Legislative support waning for bill giving adults more time to sue for childhood sex abuse

Morning Call

July 2, 2018

By Steve Esack

Harrisburg – For more than two years, adults scarred by the memory of child sex abuse have sought personal and legal salvation in a pending state grand jury report about sexual misconduct and cover-ups in six Catholic dioceses across Pennsylvania.

They believed that the report’s publication — now delayed by the state Supreme Court — would galvanize lawmakers to pass a bill letting them have their day in civil court, too.

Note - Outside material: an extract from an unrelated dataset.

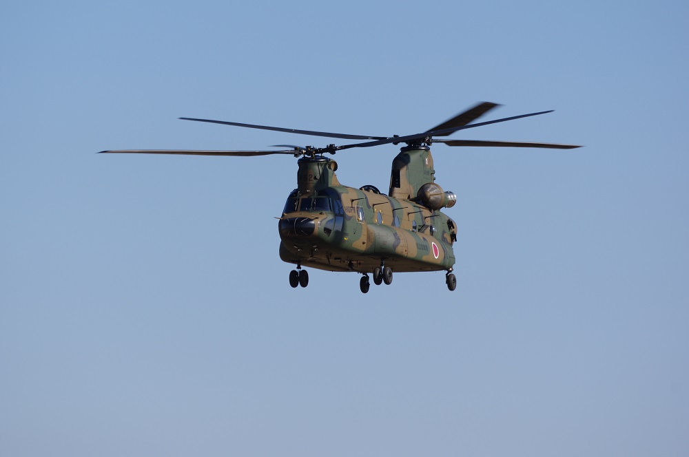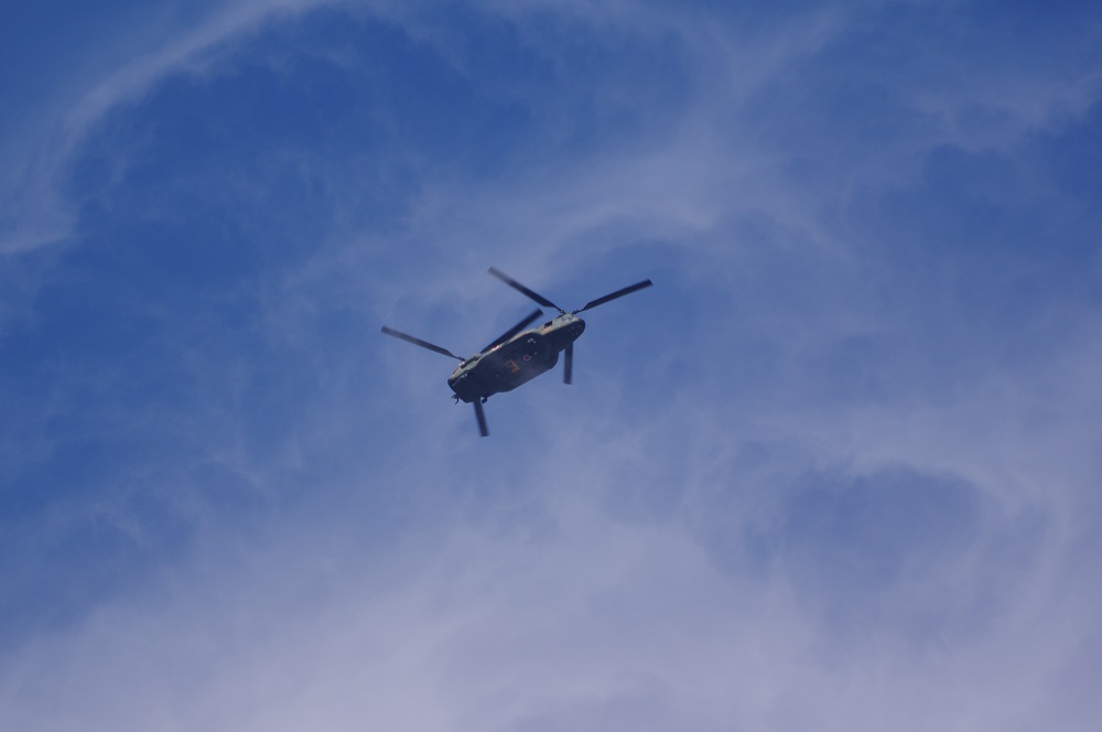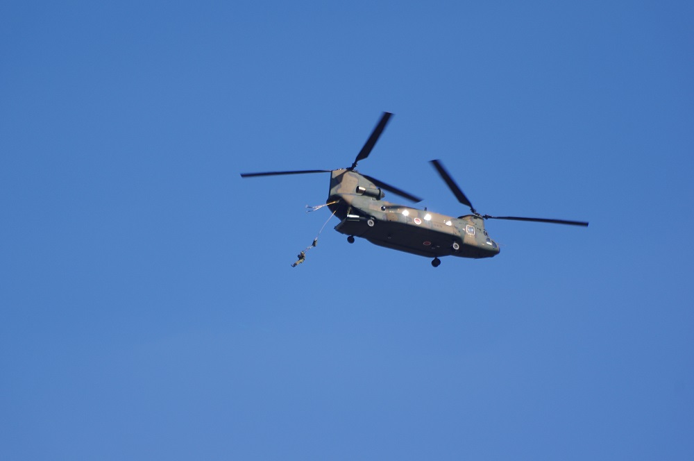 ただ、奥から演習場を横切り、直前を駆け抜けるヘリを撮影するのであれば、広角側は50mm以上だと厳しいかも。
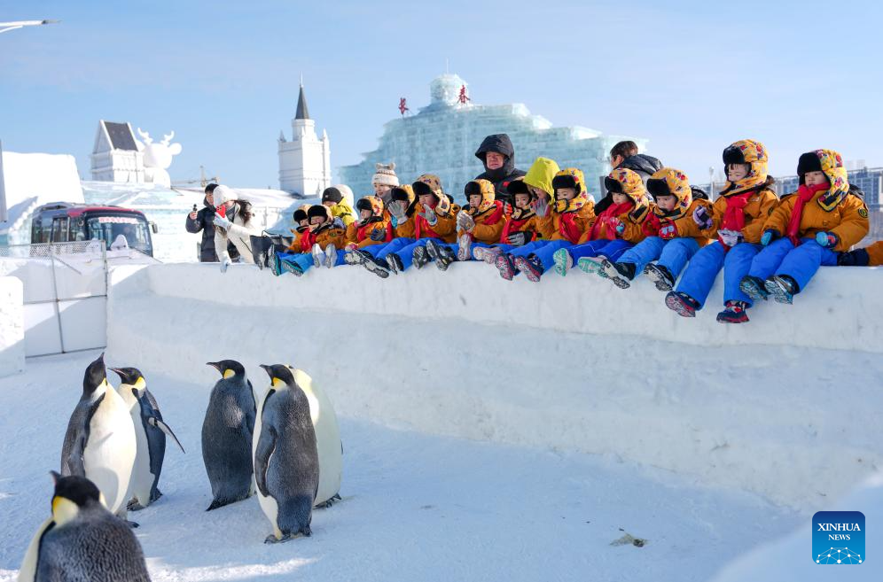 Children from southwest China's Guangxi Zhuang Autonomous Province, nicknamed as "Little Sugar Orange", watch penguins at Changchun Ice and Snow New World in Changchun, northeast China's Jilin Province, Jan. 14, 2026. A study tour composed of over a dozen children aged 3 to 6 from Guangxi traveled over 3,000 kilometers from the warm south to the northeast to experience the icy world. (Xinhua/Yan Linyun)

The goal is for the Legislature to pass a bill that will change how courts treat child sex abuse claims. They want the House and Senate to pass a bill that would lift the legal prohibition preventing adults 31 and older from retroactively suing their alleged abusers and enablers who didn’t report the crimes to authorities.

But now support for retroactive lawsuits could be waning, according to the legislation’s prime sponsor, state Rep. Mark Rozzi, D-Berks, who says he was abused as a youth by a Catholic priest.

Rozzi said House Speaker Mike Turzai has told him he no longer supports the legislation. Turzai did in 2016, when it passed the Republican-controlled House and then failed in the GOP-led Senate, where a majority of lawmakers viewed retroactive lawsuits as unconstitutional.